A bill to construct a reservoir south of Lake Okeechobee in Florida has passed both the Florida House and Senate. Thousands of Floridians have been active in trying to find a solution to ongoing polluted discharges of water from Lake Okeechobee east and west to the Indian River Lagoon and the Caloosahatchee River.

These discharges have killed marine life and turned once thriving estuaries into havens for toxic algae. Learn more about the algal blooms in the September 2016 issue of ECO.

Under Senate Bill 10 (SB 10), the new reservoir will store excess water from the Lake and clean it before sending it south to aid the Everglades and Florida Bay.

Darrel Brand of the Rivers Coalition, a non-profit group aiming to stop pollution of the St. Lucie River and Indian River Lagoon told ECO, “The Rivers Coalition mission statement is to stop the discharges. Sending treated water south is the only solution that accomplishes that mission.”
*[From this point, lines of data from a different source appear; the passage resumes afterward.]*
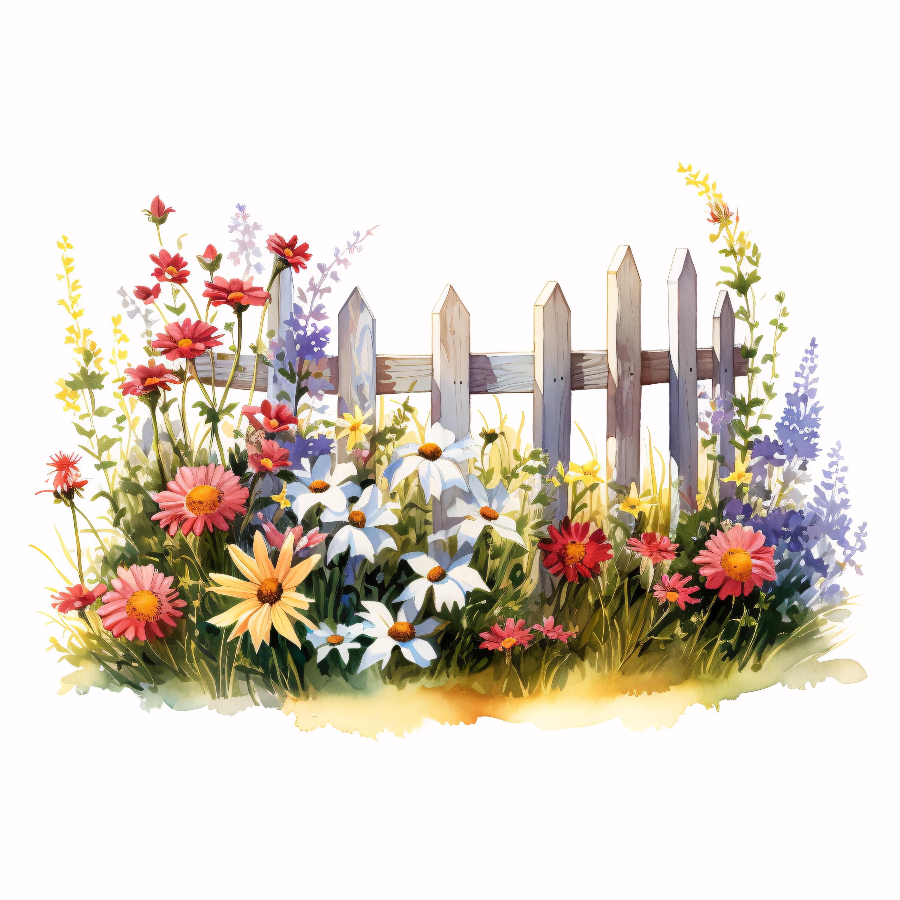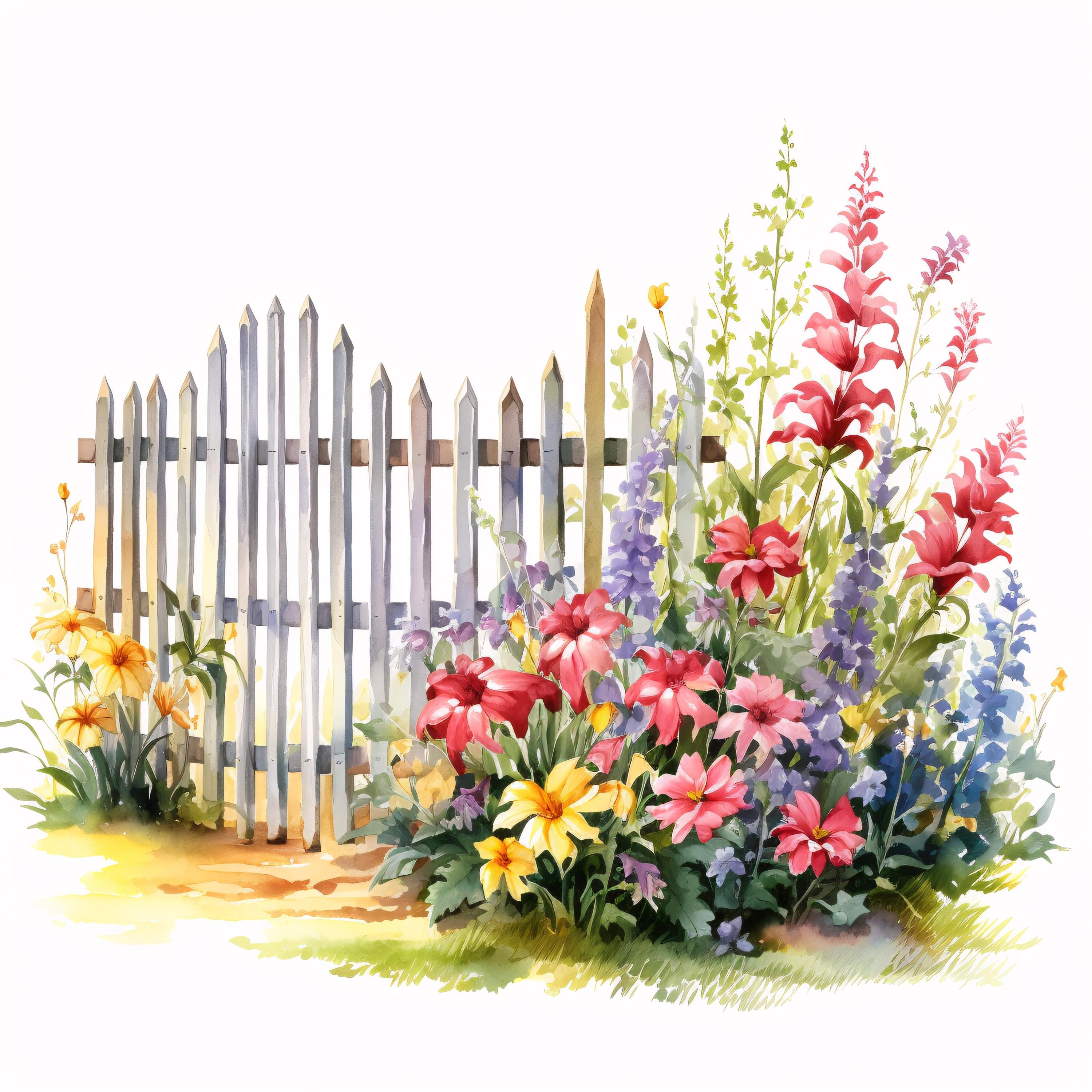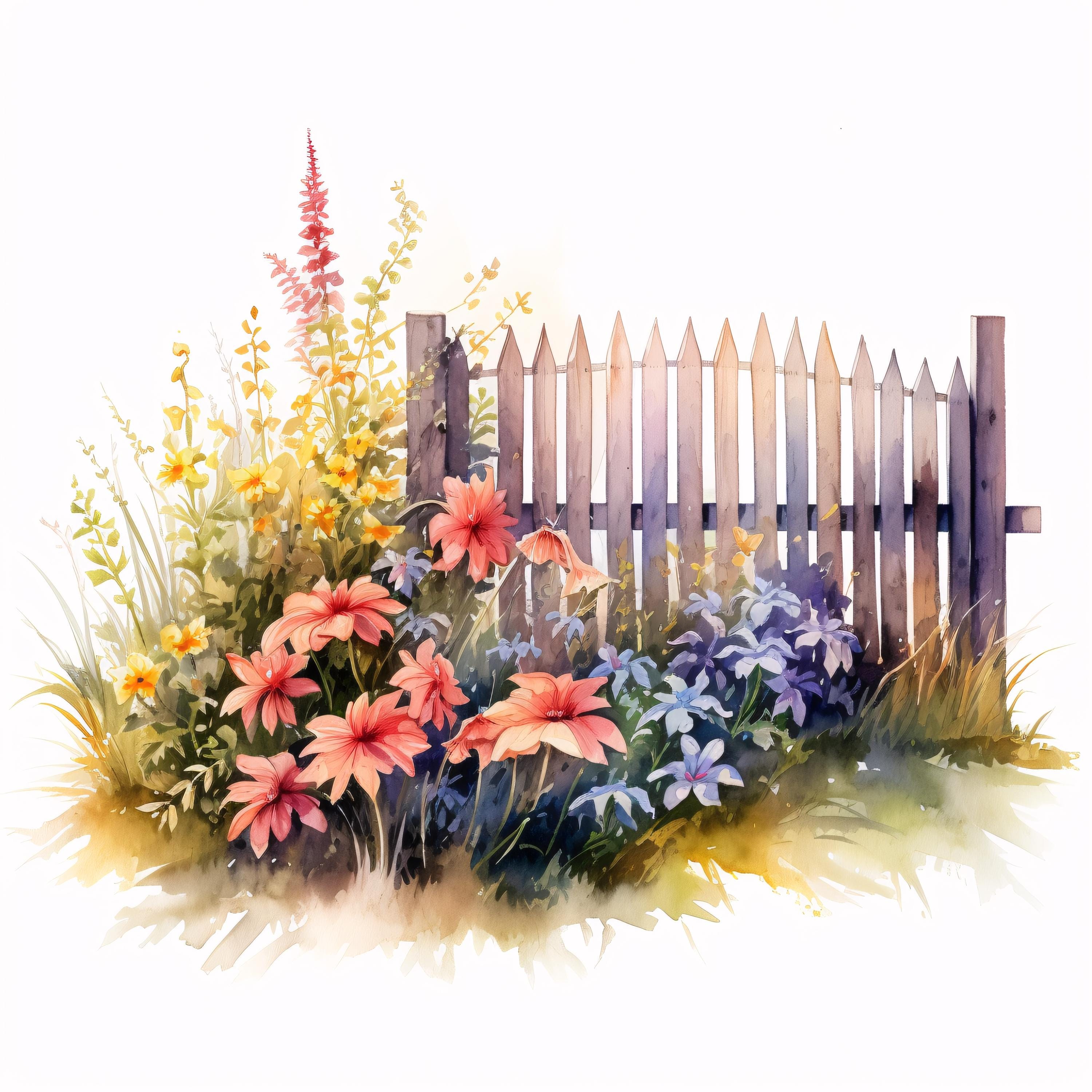 Garden Fence Clipart, Floral Border Images, 10 Watercolor Clip Art, Printable JPGs, Instant Download, Commercial Use, Paper craft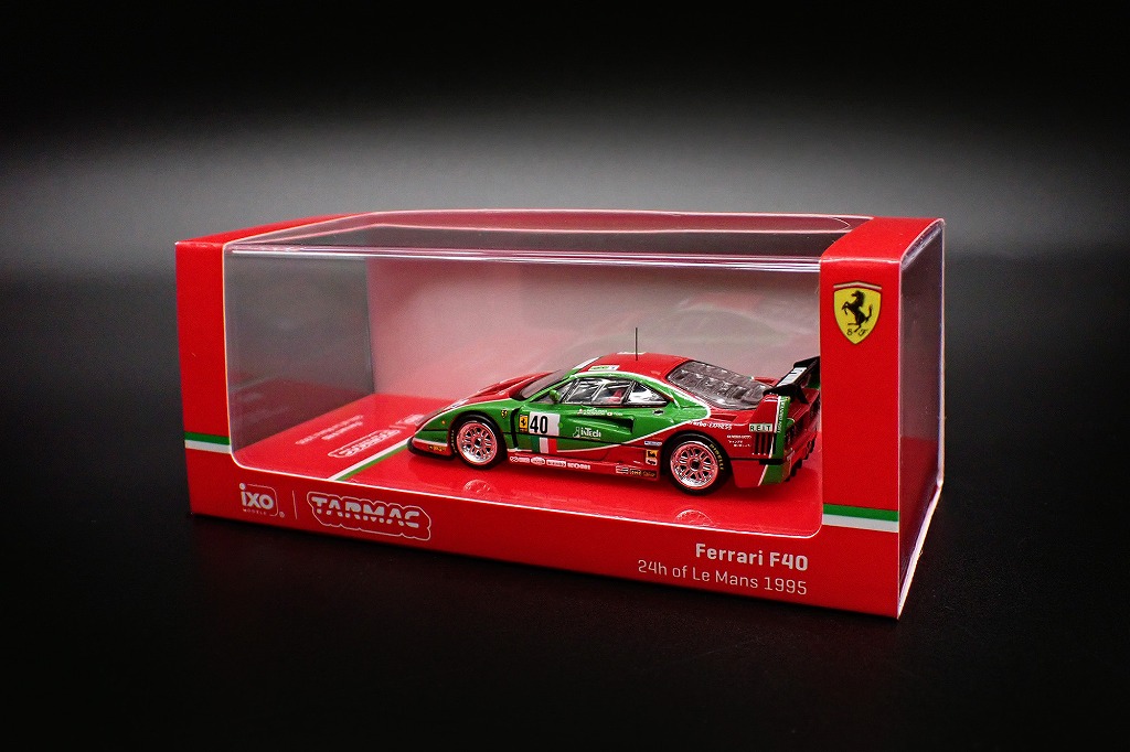 1995年のル・マン24時間耐久レースに出場した「Ferrari F40 LM #40」を1/64スケールダイキャスト素材でモデル化。フロントスポイラー、ライト類、ミラー、アンテナ、リヤウィングは別パーツとし、ボディのマーク類はタンポ印刷とデカールで再現しました。専用ディスプレイケース付き。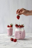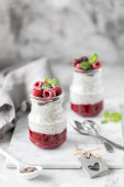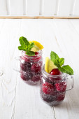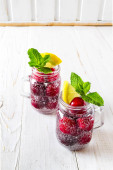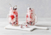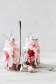 Dwie porcje lodów w kubki szklane z mrożonych wiśni. Zbliżenie na jasnym tle.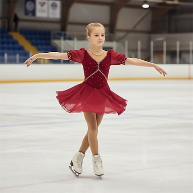 Eiskunstlaufkleid Damen Mädchen Eislaufen Kleider Rot Weiß Schwarz Weiß Daumenloch Halo-Färbung Gitter Spandex elastisch Ausbildung Praxis Professionell Eiskunstlaufkleidung warm Klassisch Kristalle

Brand added that after many years of petitions, lawsuits, letter writing campaigns and protests, this is the first bill to come through the Florida legislature. He credited the hard work of grassroots citizens with making it happen.

At the Greater Everglades Ecosystem Restoration Conference, held April 17-20 in Coral Springs Florida, while discussing a recent seagrass die-off in Florida Bay, Dr. Chris Kelble, Deputy Director, Ocean Chemistry and Ecosystems Division for NOAA, stated that the best long-term solution to cyclical seagrass-killing conditions in the Bay would be to increase the flow of freshwater south from the Everglades, something this bill aims to accomplish.

The new flow will also serve to rehydrate the Biscayne Aquifer upon which one-third of Floridians depend upon for drinking water. Learn more about this in the April 2017 issue of ECO.

“SB 10 will facilitate moving treated water south into the Everglades where it belongs,” said Manley Fuller, Florida Wildlife Federation President. Florida Wildlife Federation and its allies worked with many Senators and Representatives on this bill as it moved through the Session.

SB 10 now awaits the signature of Governor Rick Scott.